*MATERIAL TO PROCESS:*

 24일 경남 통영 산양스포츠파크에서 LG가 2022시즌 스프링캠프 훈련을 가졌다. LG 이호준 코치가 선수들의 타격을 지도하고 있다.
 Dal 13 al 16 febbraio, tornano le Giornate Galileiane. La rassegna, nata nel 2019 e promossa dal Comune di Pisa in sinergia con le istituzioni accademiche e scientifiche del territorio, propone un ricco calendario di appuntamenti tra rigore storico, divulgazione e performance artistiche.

* * *

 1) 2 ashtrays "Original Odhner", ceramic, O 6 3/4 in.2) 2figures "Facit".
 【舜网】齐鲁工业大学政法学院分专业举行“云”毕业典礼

*WHAT IS NEEDED:* Produce only the lines from the line containing "24일 경남 통영 산양스포츠파크에서" through the line containing "Dal 13 al 16", inclusive of both, exactly as they stand in the entries above.

*OUTPUT:*
 24일 경남 통영 산양스포츠파크에서 LG가 2022시즌 스프링캠프 훈련을 가졌다. LG 이호준 코치가 선수들의 타격을 지도하고 있다.
 Dal 13 al 16 febbraio, tornano le Giornate Galileiane. La rassegna, nata nel 2019 e promossa dal Comune di Pisa in sinergia con le istituzioni accademiche e scientifiche del territorio, propone un ricco calendario di appuntamenti tra rigore storico, divulgazione e performance artistiche.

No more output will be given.